= The Barbs =

Band

The Barbs was an indie rock band from Medway, Kent, England and New South Wales, Australia. Though never particularly successful in their home country, the band gained wider recognition in the Philippines in late 2004, with the single "Massive Crush". The UK release of the same record was Single of the Week on Lauren Laverne's XFM show, and was played on BBC Radio 2 several times. The single received critical acclaim, with 4 Ks from Kerrang! and was, according to the NME, "The best song about killing your parents, stealing guitars and humping till dawn ever penned".

They also released an album, Lupine Peroxide and The Importance Of Being Evil.

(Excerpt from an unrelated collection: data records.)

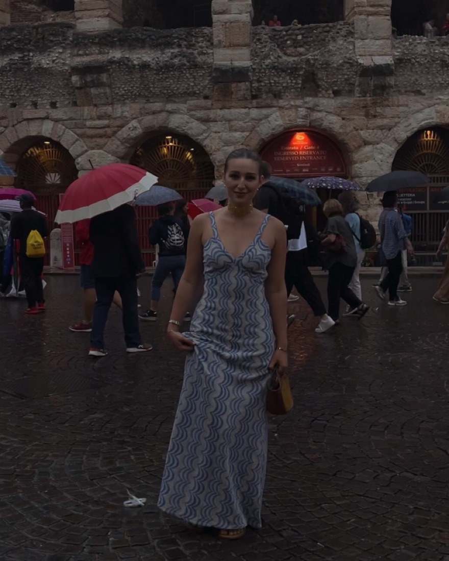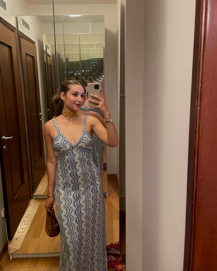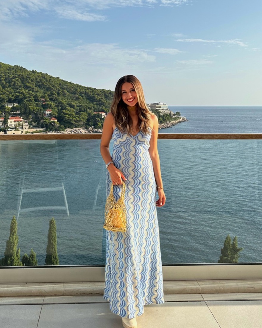 Ramy Brook GENEVIEVE dress- blue with gold details. Knitted texture, perfect for somewhere warm or wedding guest.
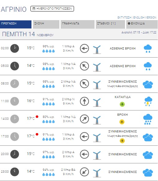 Αγρίνιο: Βροχές ή καταιγίδες με κατά τόπους ισχυρά φαινόμενα – Πτώση θερμοκρασίας
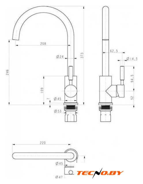 однорычажный смеситель для кухни, монтаж на раковину или столешницу
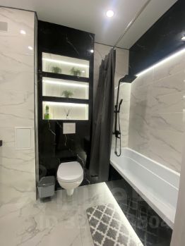 Облицована современным керамогранитом с установкой европейской сантехники .
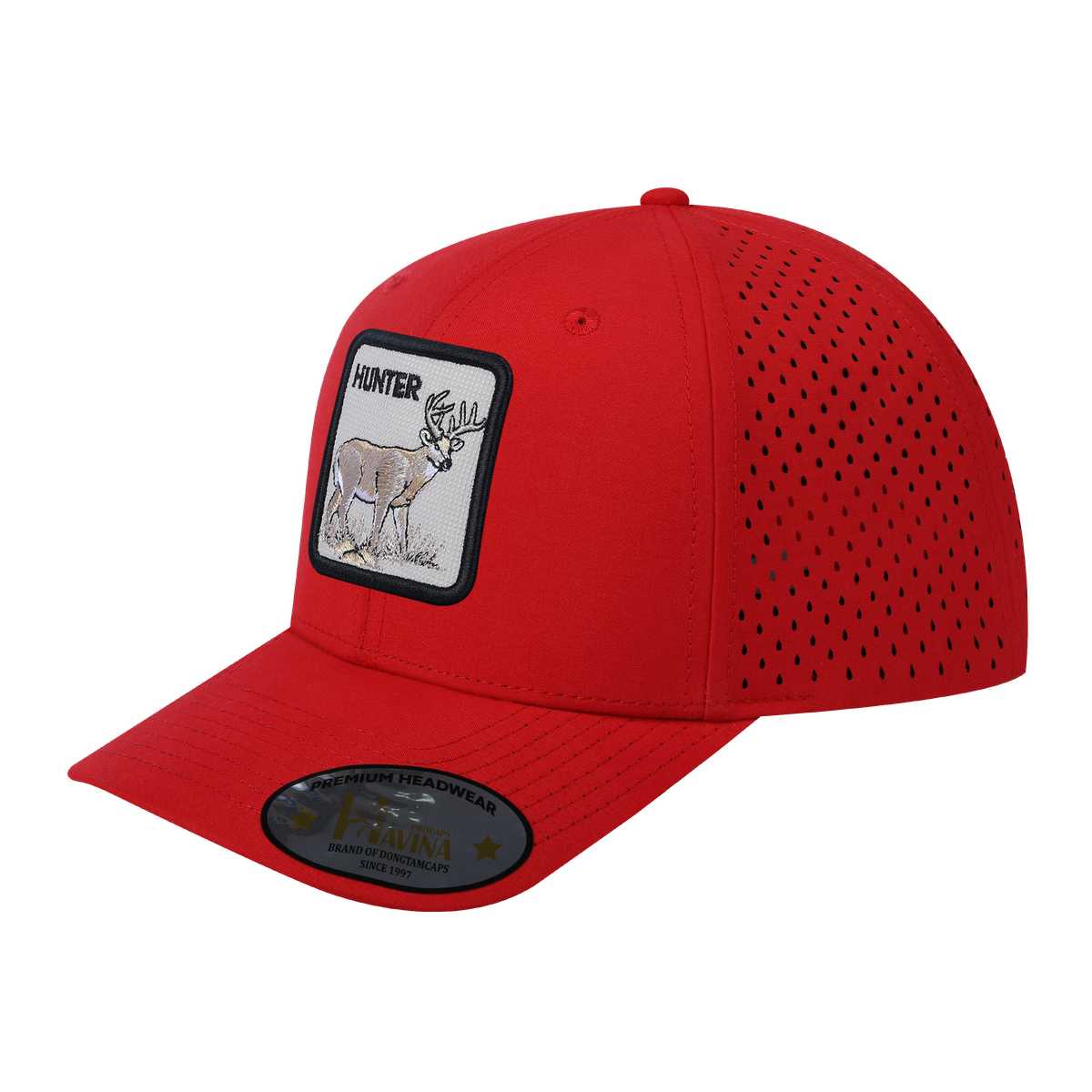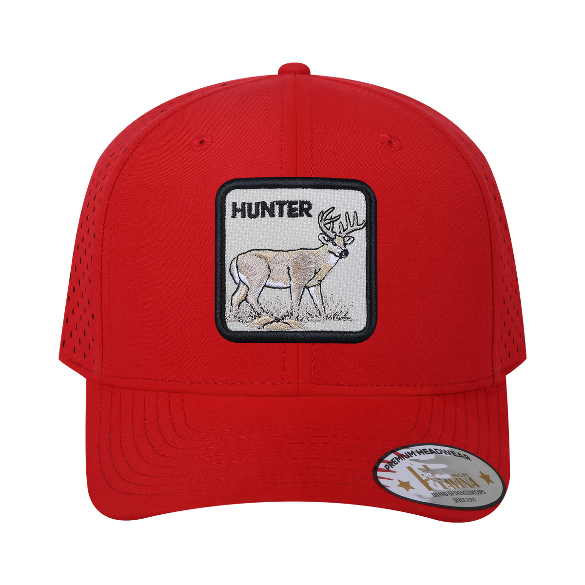 Embroidered The Hunter - 6 Panel Microfiber Laser hole Trucker Hat - Red/Red
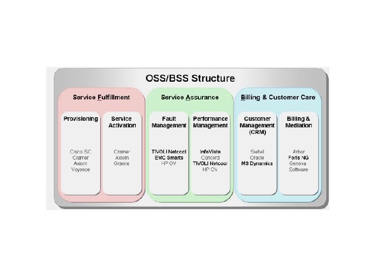 FCAPS Fault Configuration Accounting Performance Security TMN Business Management No No Yes Yes Service Management Yes Yes Yes Network Management Yes No Yes Element Management Yes No Yes OAM&P Operation Yes No No Yes No Administration No No Yes Yes Maintenance Yes No Yes Provisioning No Yes No No No TOM / e. TOM Fulfillment No Yes No No No Assurance Yes No No Yes Billing No No Yes No no Operation Support No No No
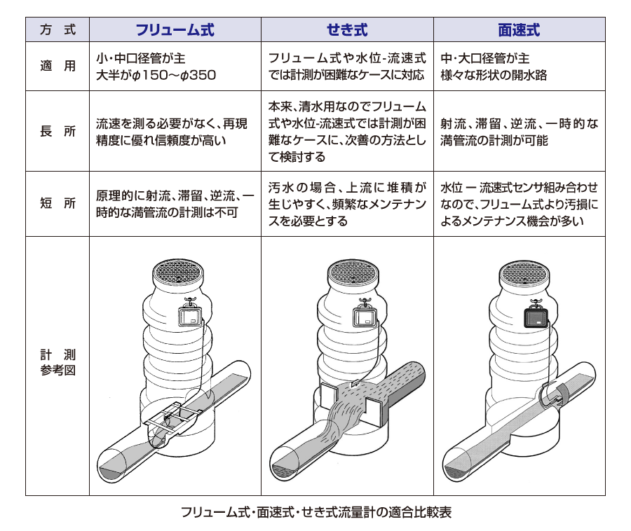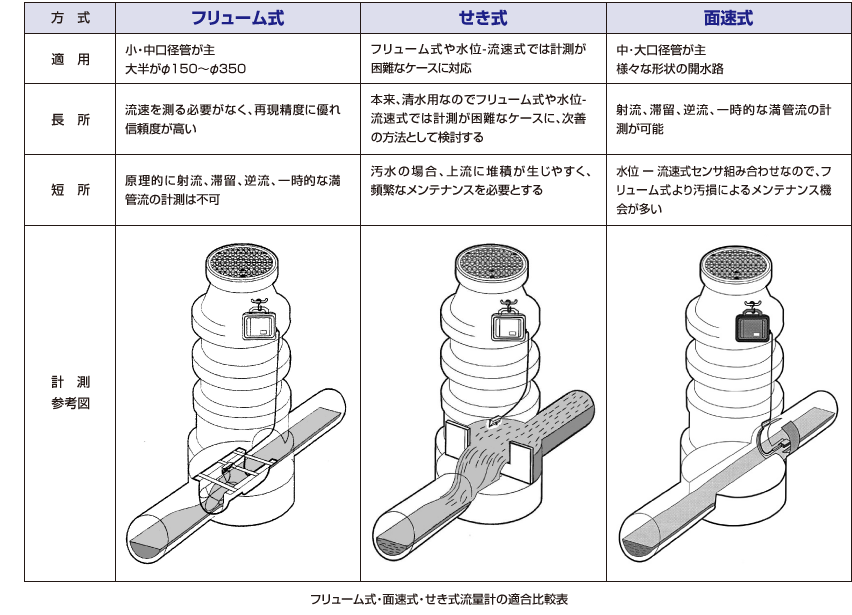 ●開水路流量計の精度は、現場の水理条件に左右されやすいので、現場条件に適合した方式を選択することが、精度管理上重要です
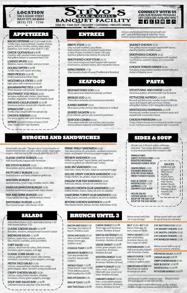 The menu at Stevo's is a blend of traditional and modern American dishes. Explore hearty burgers, fresh seafood, and comfort food classics. The fettuccine alfredo is popular among diners looking for rich flavors. Appetizers and daily specials cater to a wide range of tastes. It's a place designed for sharing good food with family and friends. Don't forget dessert; it's a sweet way to end the meal!
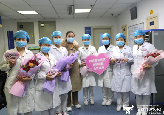 看到女医护人员手上的鲜花和脸上的笑容,我们知道,“为爱接力”不再只是一句口号,而是成为这个节日里,数万名网友与湖南联通一起为英雄们送上的的“最美勋章”
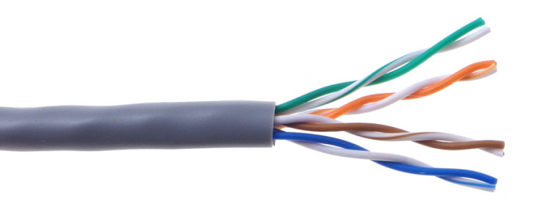 Tego typu kabel (zwany UTP lub LAN) zawiera w środku cztery pary żył, czyli w sumie osiem pojedynczych przewodów. Pary są skręcone ze sobą, co ma niebagatelne znaczenie dla całej transmisji. Przy przewodach ułożonych luźno, uzyskanie tak wysokiej szybkości przesyłu informacji oraz zasięgu, nie byłoby możliwe. Ich skręcenie też nie jest przypadkowe!
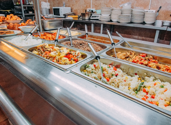 Выбирайте блюда, приготовленные непосредственно перед подачей. Избегайте салатов, мяса и рыбы, долго стоящих на раздаче. Горячие блюда должны быть горячими, холодные — холодными. Срок реализации горячих блюд у шведского стола — не более трёх часов с момента приготовления, холодных — не больше часа после заправки.
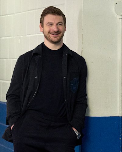To help get his head in the zone, NHL forward Zach Hyman turns to an all-midnight blue ensemble. Featuring a lightweight, water-repellent jacket with a modern zip and snap closure, his addition of a tonal crew neck knit and stretch trousers creates a look that’s as chic as it is practical. Styled with black leather Bluchers for a refined pre-game edge.
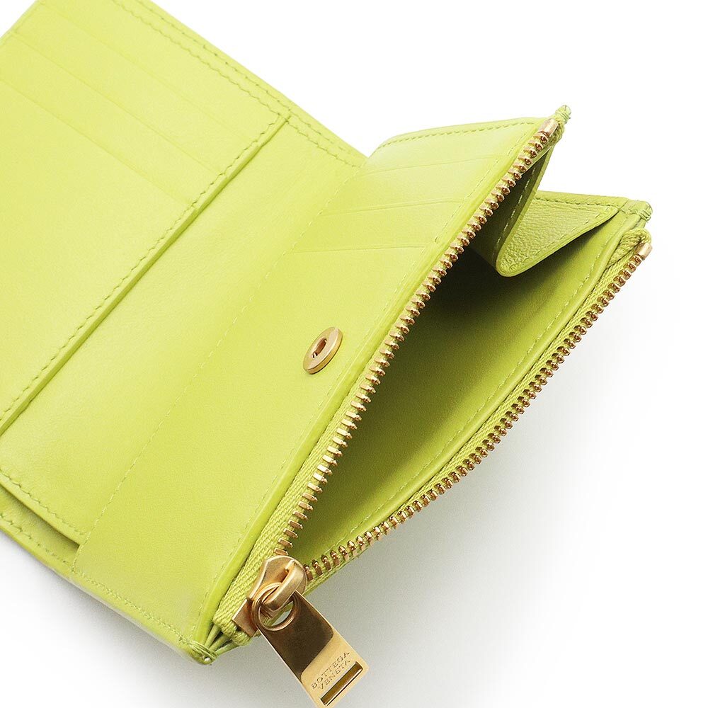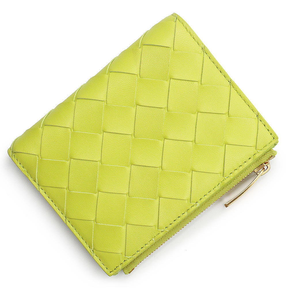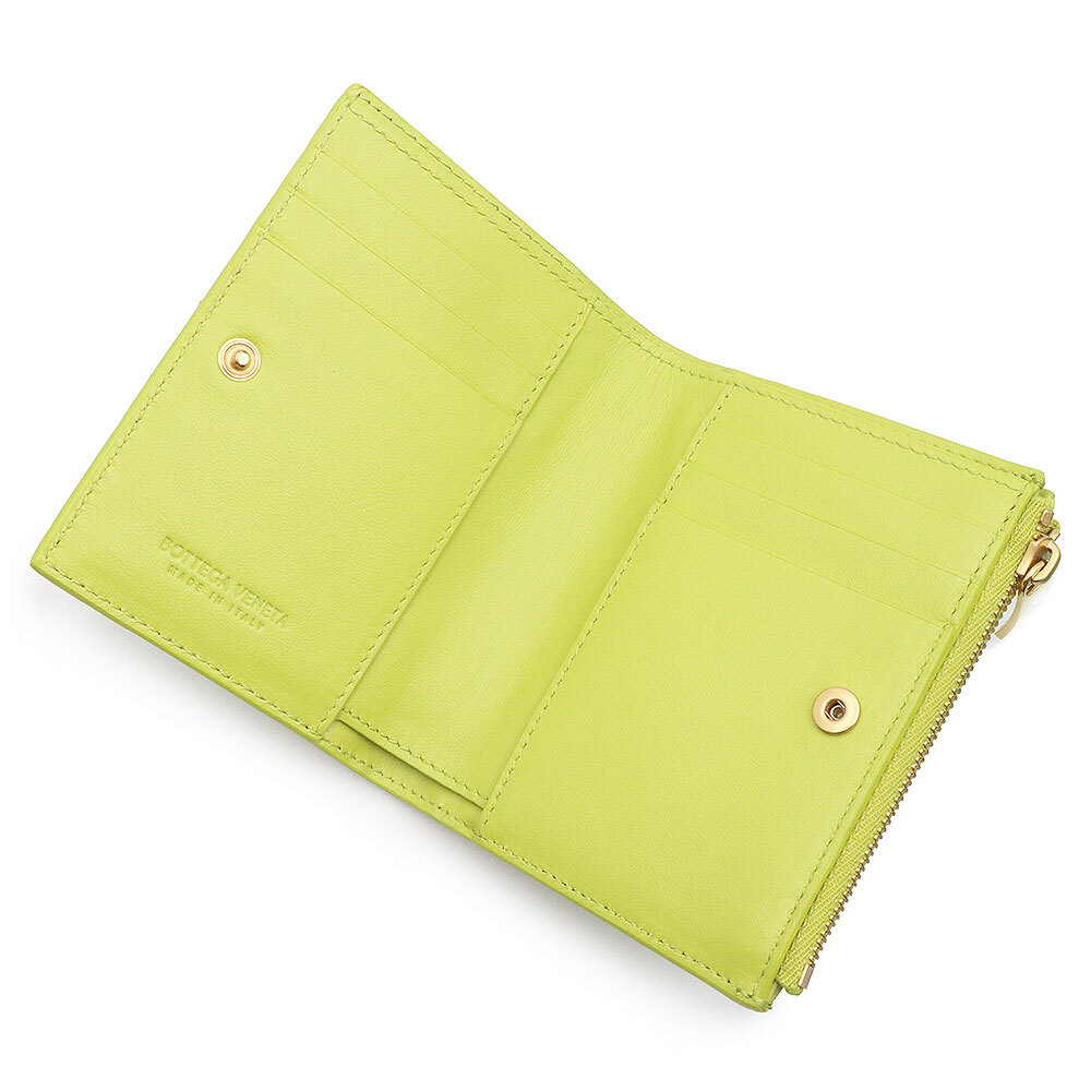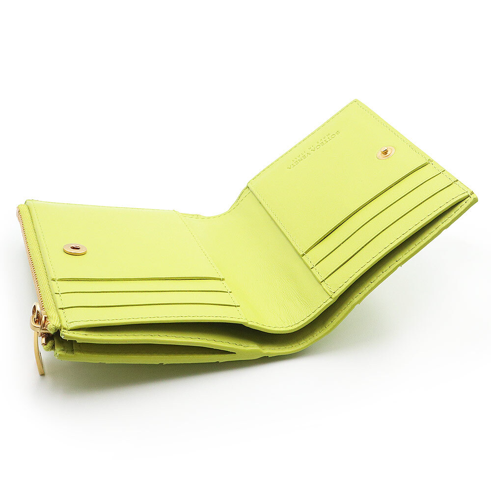 (新品・未使用品)ボッテガヴェネタ BOTTEGA VENETA イントレチャート スモール 二つ折り財布 レザー キウイ ライトグリーン 707601

On 1 December 2004, they were one of the headline acts at the MTV Staying Alive Music Summit, playing to a crowd of over 50,000. They also made several tours of the UK with bands such as The Rocks.

Illustrator Emma Renton initially designed two of the Barbs' single covers. Later, Jim Connolly was commissioned to produce comic book-style artwork for their remaining sleeves.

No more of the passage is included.